_Task to carry out_.
Below are some records. Write out the line that contains "Natural, navy, red, and" and all lines after it, exactly, but not the pictures.

[Opening Given records section]

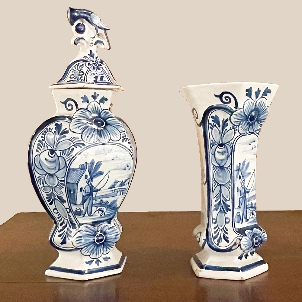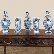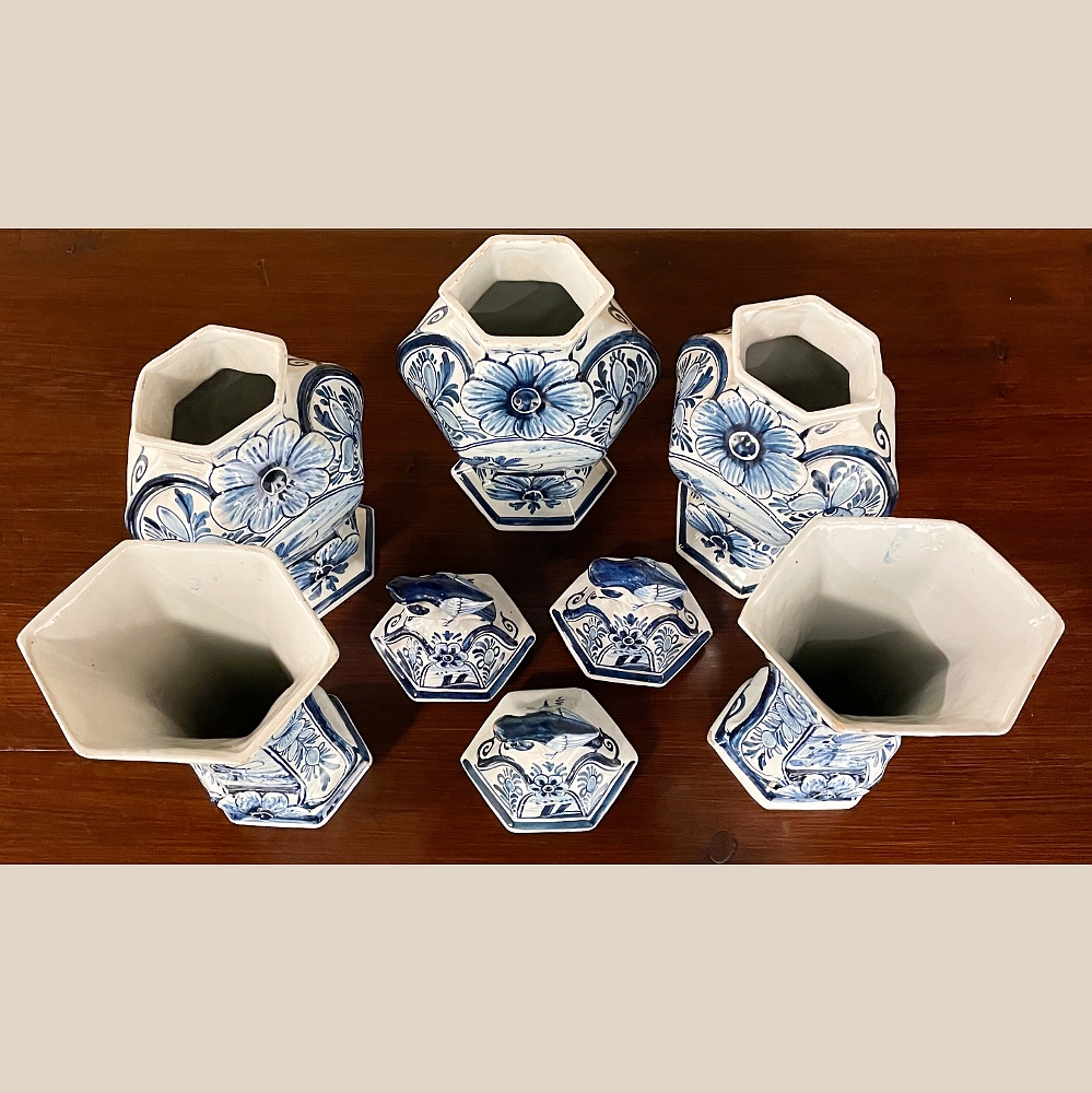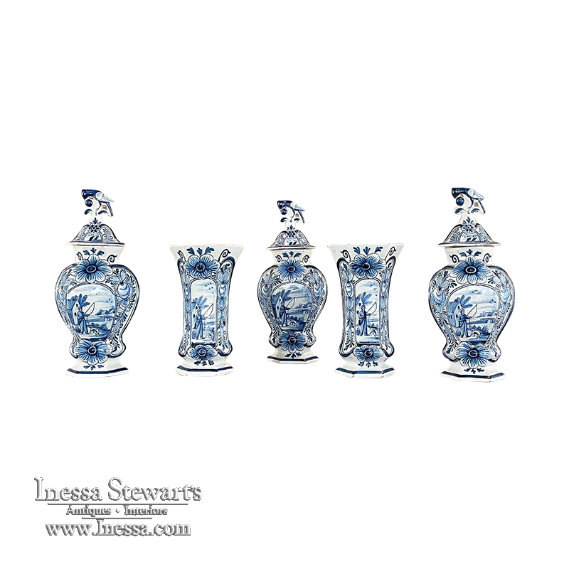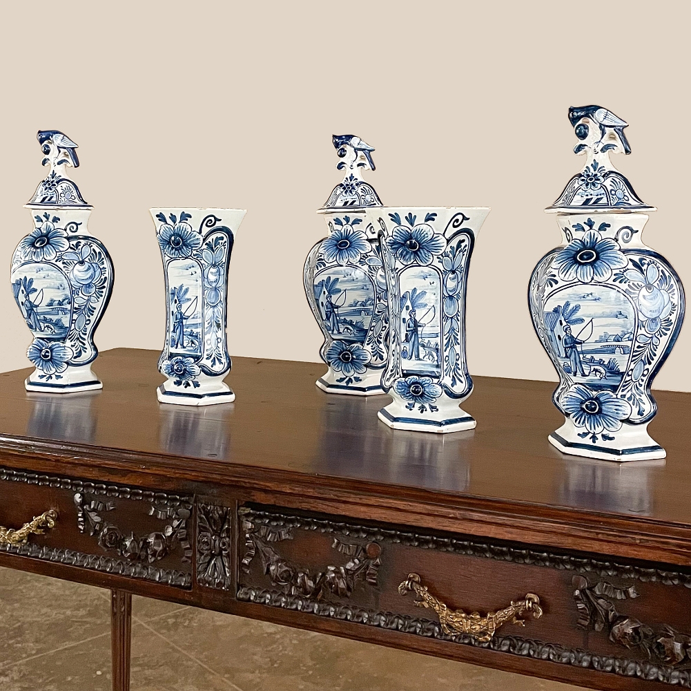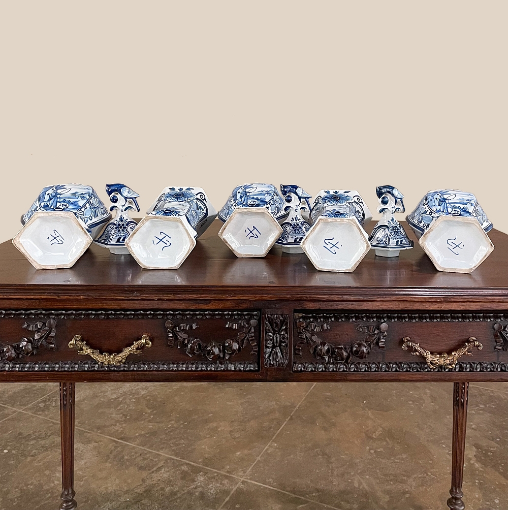 Set of Five 18th Century Hand-Painted Delft Vases including 3 Lidded Urns, also known as a garniture, elevate the blue & white art form to a special place, all having been hand-painted by one artist with matching themes of the persistent angler! The set includes three lidded urns, with birds feeding on fruit adorning the lids, and a shield shaped urn form with flared, hexagonal base. The two vases are more classically designed with convex forms and the same hexagonal bases. The cobalt blue painted embellishment includes multiple shades for a subtle chromatic effect, with florals, foliates and bordering dominating the remainder of the compositions. Even the back sides feature an abstract naturalistic form suggesting water and a young shoot of greenery. The fisherman in each primary image with his trusty canine companion and the idyllic surroundings and background create a wonderful pastoral image.
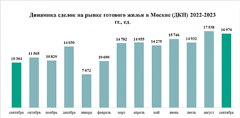 На рынке готового жилья (квартиры от частных владельцев и готовые новостройки от девелоперов) в сентябре был зафиксирован спад. Росреестр зарегистрировал почти 17 тысяч договоров купли-продажи (ДКП), что на 3% меньше, чем в августе. По сравнению с сентябрем 2022 года число сделок увеличилось на 64%. С начала года покупатели готового жилья в Москве заключили 128 тыс. соглашений, что на 33% больше, чем в такой же период 2022 года.
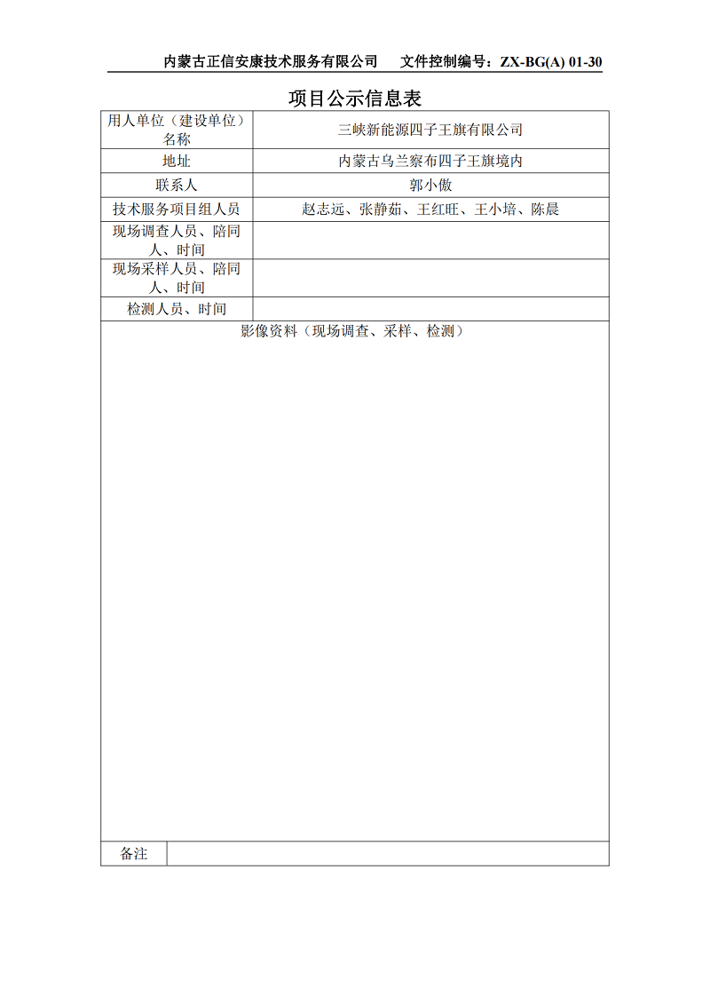 三峽烏蘭察布新一代電網(wǎng)友好綠色電站示范項目(一期)職業(yè)病危害預評價(jià)報告項目公示信息表
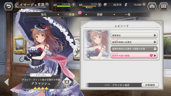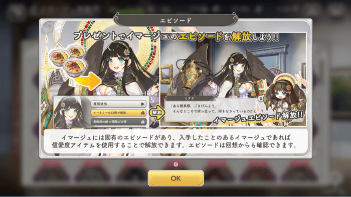 親愛度レベルが上昇すると、キャラクターのパラメーターが強化されるだけでなく、固有のエピソードが解放されていきます。
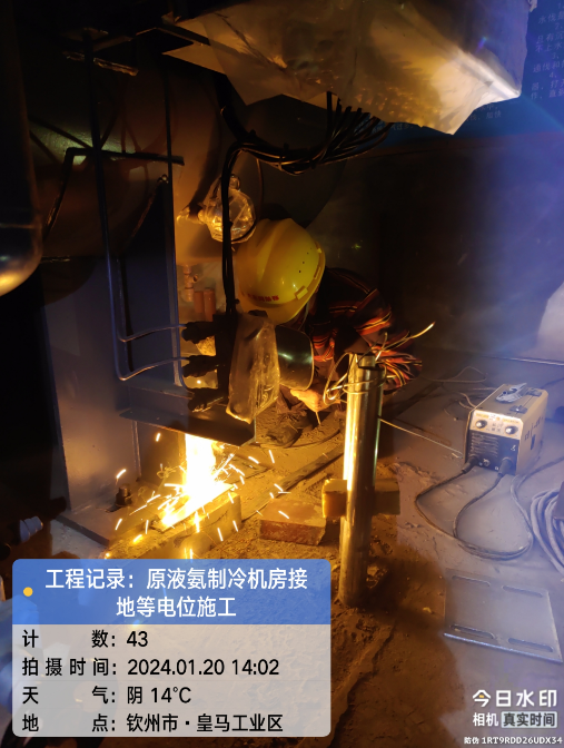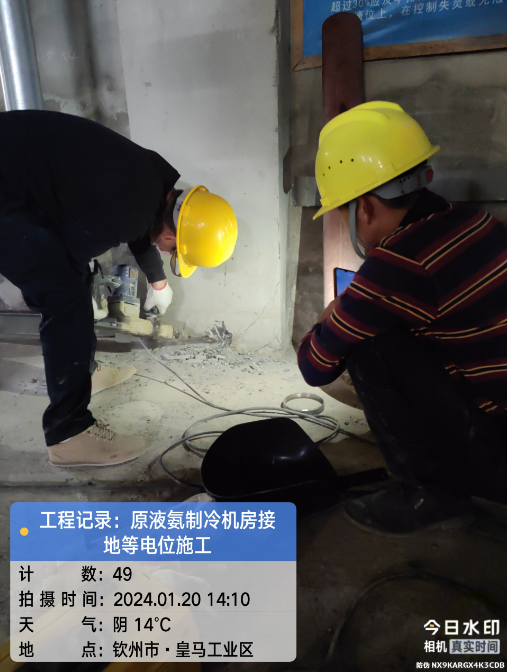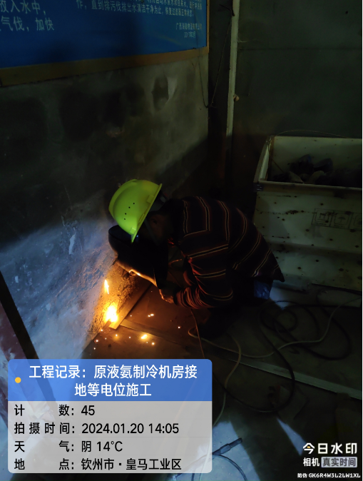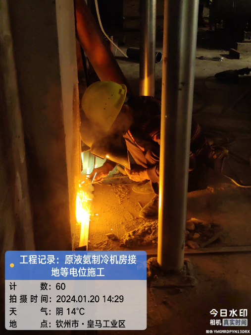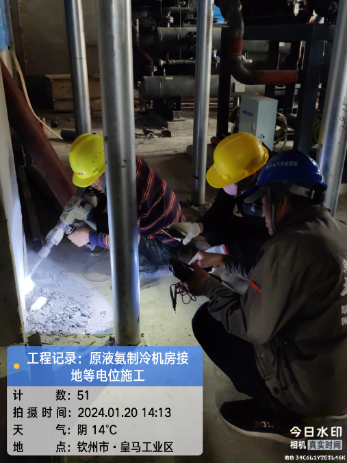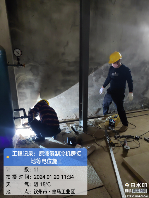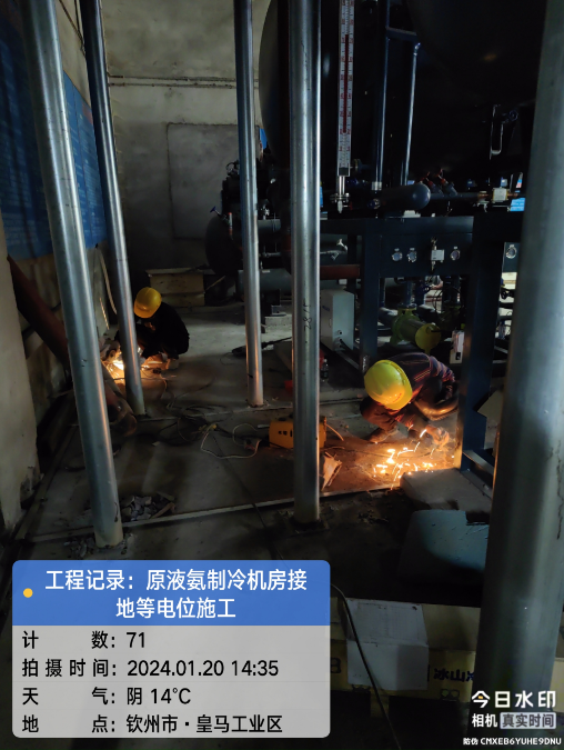 广西自贸区临海供应链有限公司冷链仓储物流加工车间原液氨机房接地等电位顺利施工
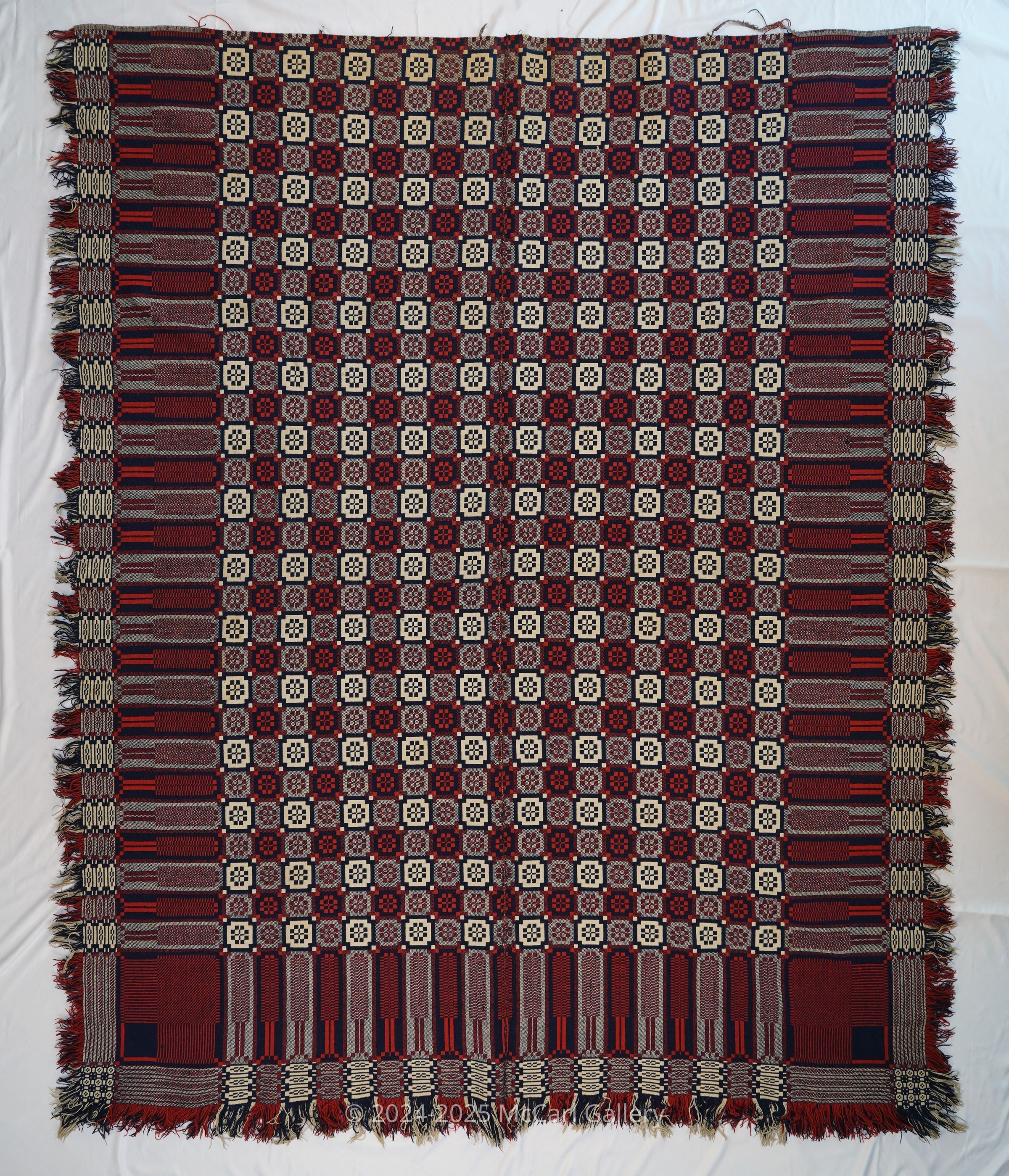 Natural, navy, red, and grey geometric double weave coverlet; two panels joined by a center seam. Border and fringe on three sides.
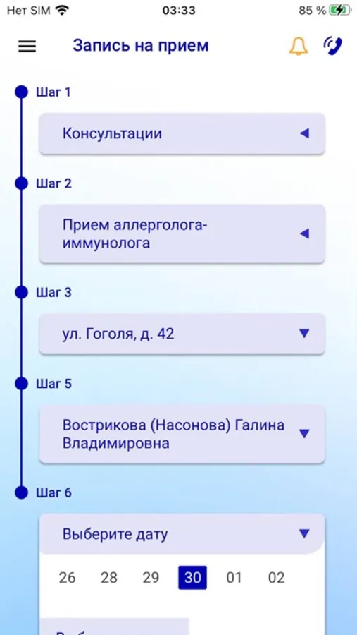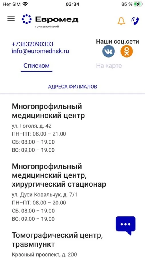 - Форму электронной записи к специалистам клиник;
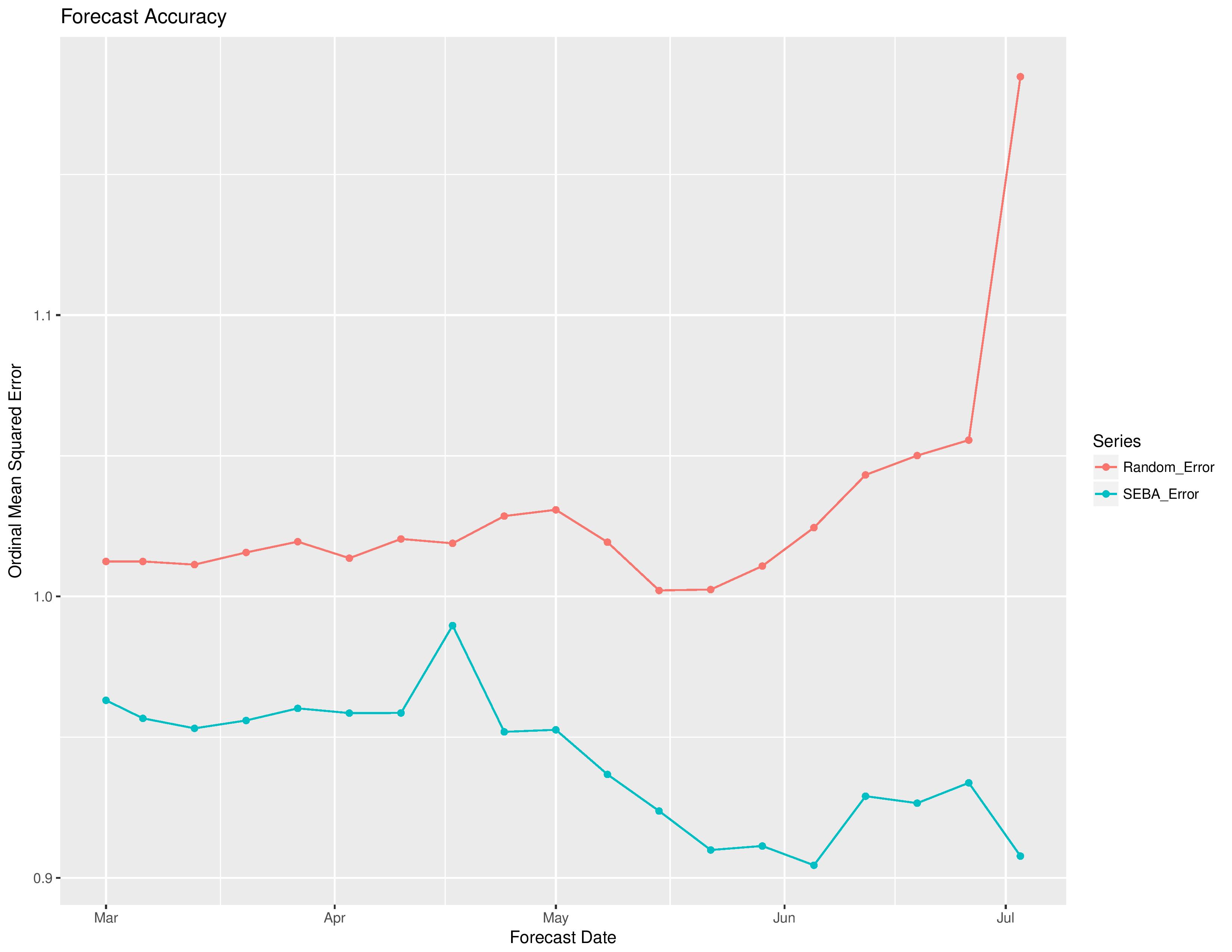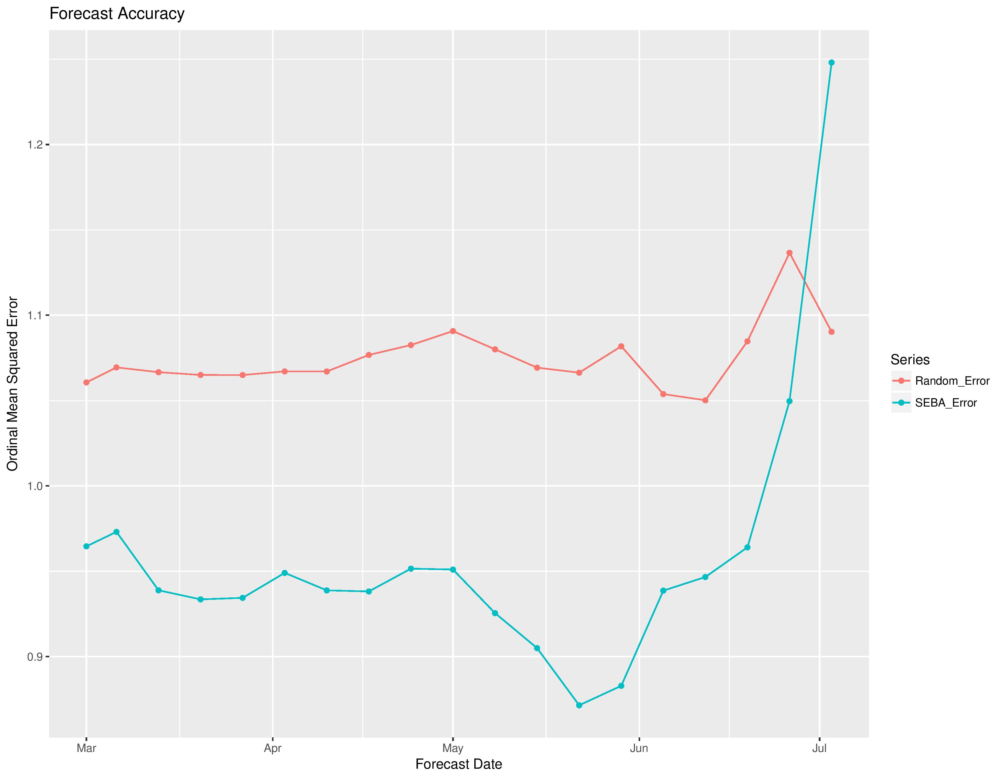 The following shows the degree of error by the model vs the error if the model was purely random without intelligence. The x-axis is based on the date from which the forecast was made (this will update throughout the season as more results are finalized and compared with predictions). The ordinal squared error metric (not a traditional metric) is calculated as:

[Closing Given records section]

_Expected answer_.
 Natural, navy, red, and grey geometric double weave coverlet; two panels joined by a center seam. Border and fringe on three sides.
 - Форму электронной записи к специалистам клиник;
 The following shows the degree of error by the model vs the error if the model was purely random without intelligence. The x-axis is based on the date from which the forecast was made (this will update throughout the season as more results are finalized and compared with predictions). The ordinal squared error metric (not a traditional metric) is calculated as:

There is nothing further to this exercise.